→ Recorded information:
◇ ◇ ◇

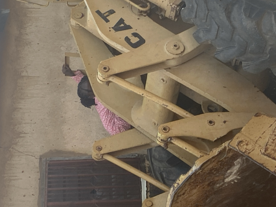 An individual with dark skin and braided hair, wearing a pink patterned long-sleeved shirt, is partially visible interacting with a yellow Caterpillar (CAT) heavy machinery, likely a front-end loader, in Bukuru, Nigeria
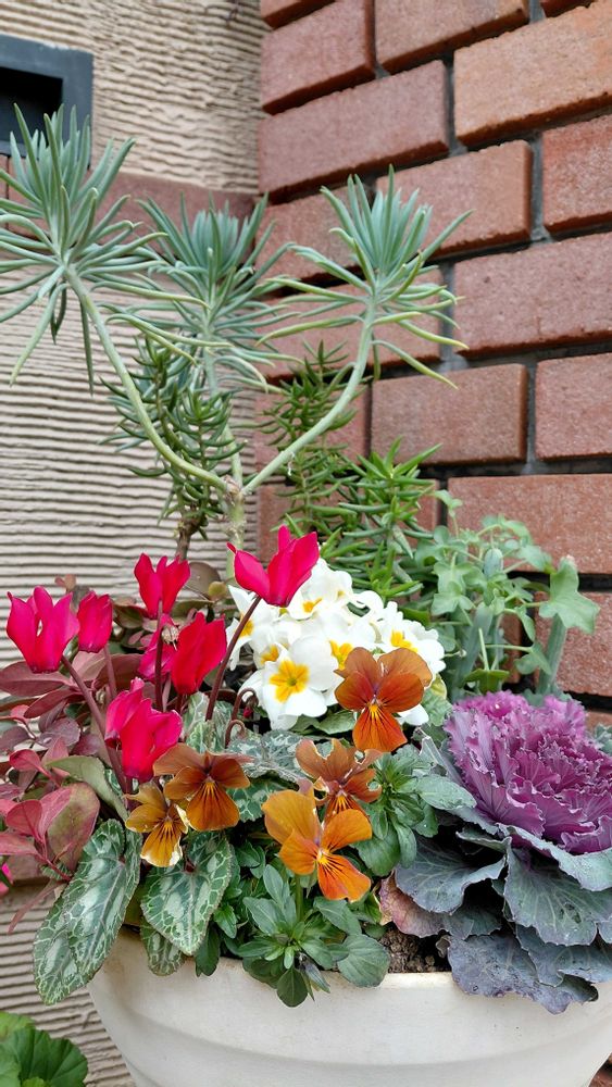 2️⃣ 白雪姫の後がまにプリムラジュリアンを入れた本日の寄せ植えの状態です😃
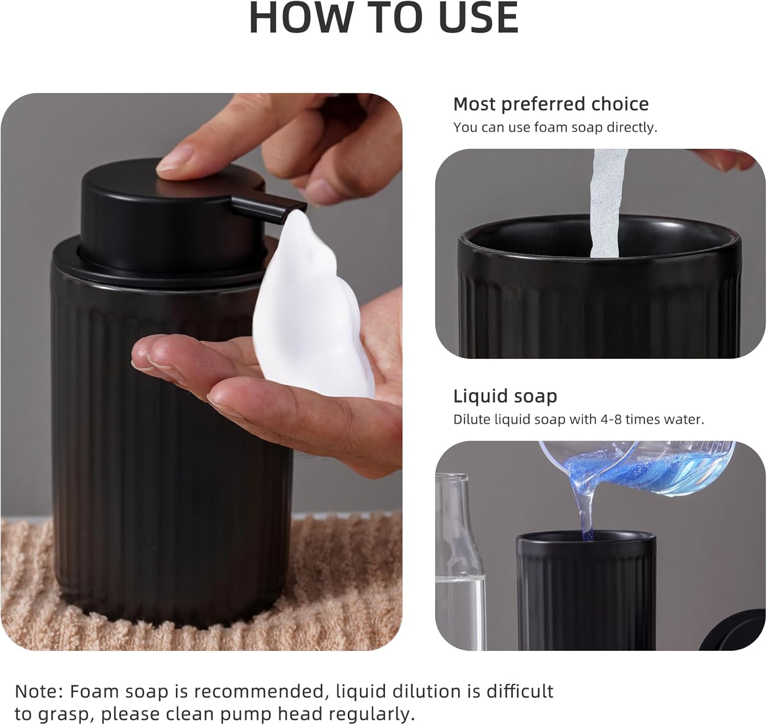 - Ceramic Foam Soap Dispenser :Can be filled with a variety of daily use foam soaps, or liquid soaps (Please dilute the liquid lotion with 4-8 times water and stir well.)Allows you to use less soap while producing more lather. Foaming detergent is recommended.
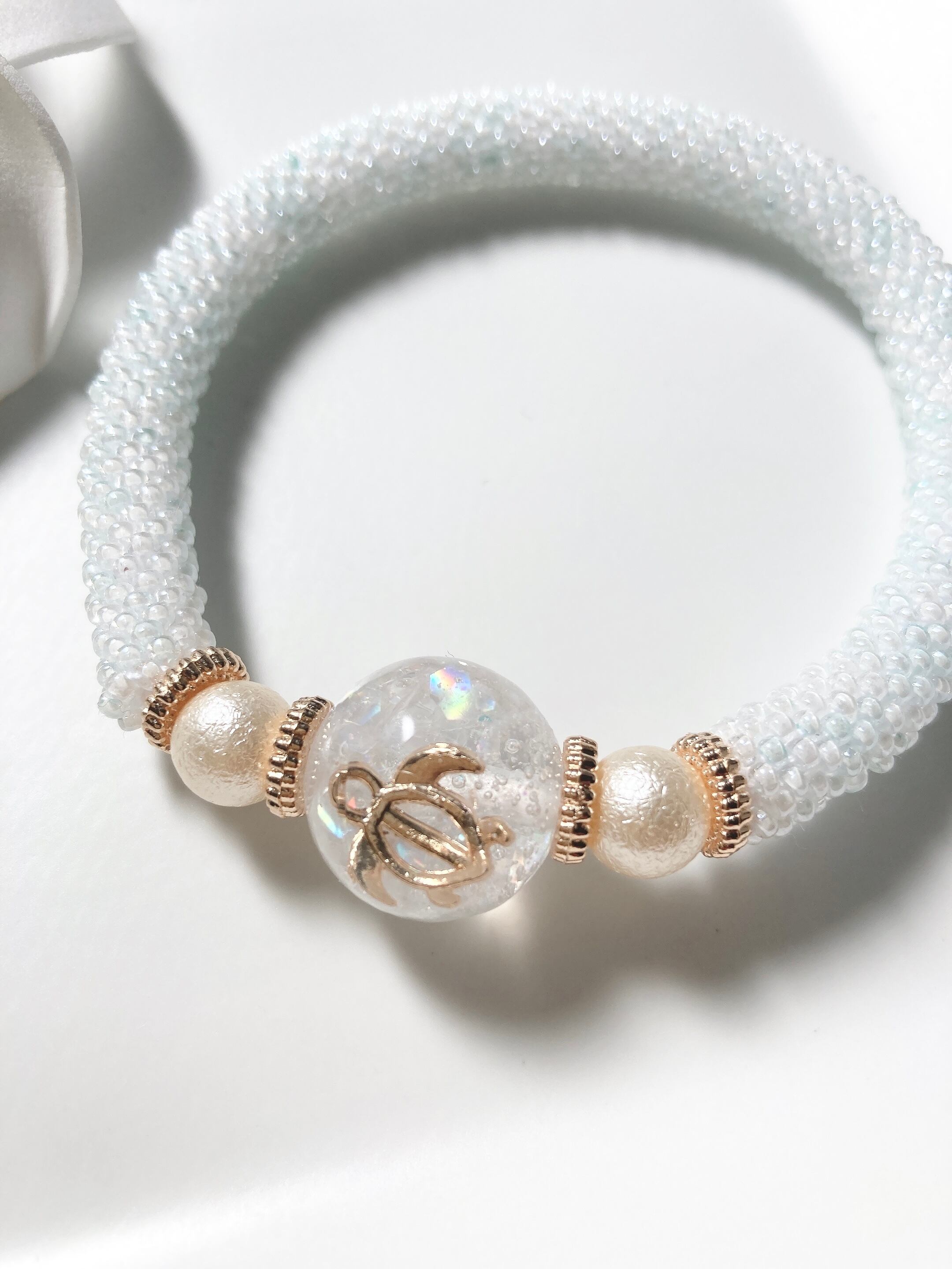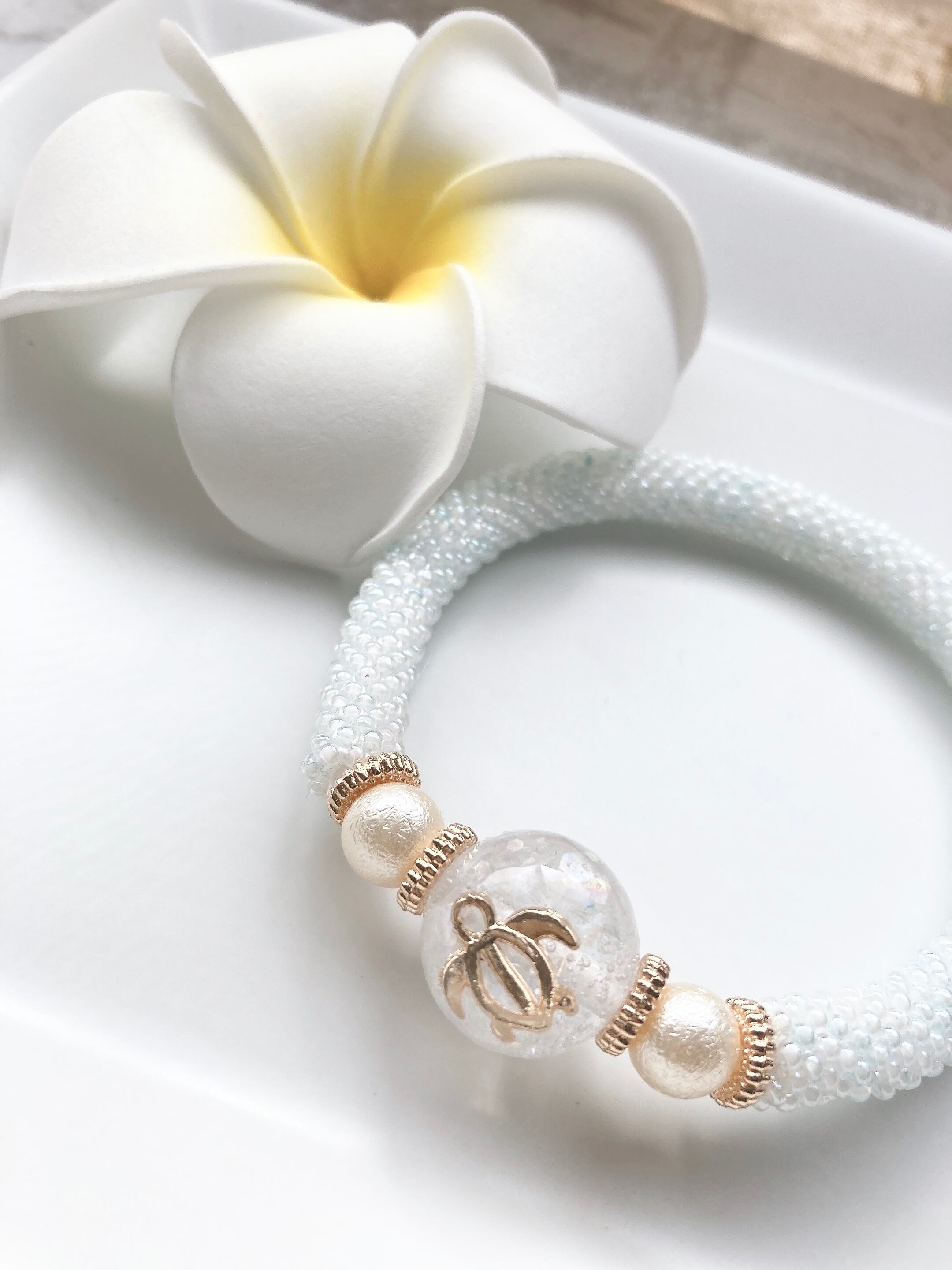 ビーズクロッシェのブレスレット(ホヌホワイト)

◇ ◇ ◇

→ Goal of the exercise:
Every line of the listing should be copied precisely, with images omitted.

→ Solution to this problem:
 An individual with dark skin and braided hair, wearing a pink patterned long-sleeved shirt, is partially visible interacting with a yellow Caterpillar (CAT) heavy machinery, likely a front-end loader, in Bukuru, Nigeria
 2️⃣ 白雪姫の後がまにプリムラジュリアンを入れた本日の寄せ植えの状態です😃
 - Ceramic Foam Soap Dispenser :Can be filled with a variety of daily use foam soaps, or liquid soaps (Please dilute the liquid lotion with 4-8 times water and stir well.)Allows you to use less soap while producing more lather. Foaming detergent is recommended.
 ビーズクロッシェのブレスレット(ホヌホワイト)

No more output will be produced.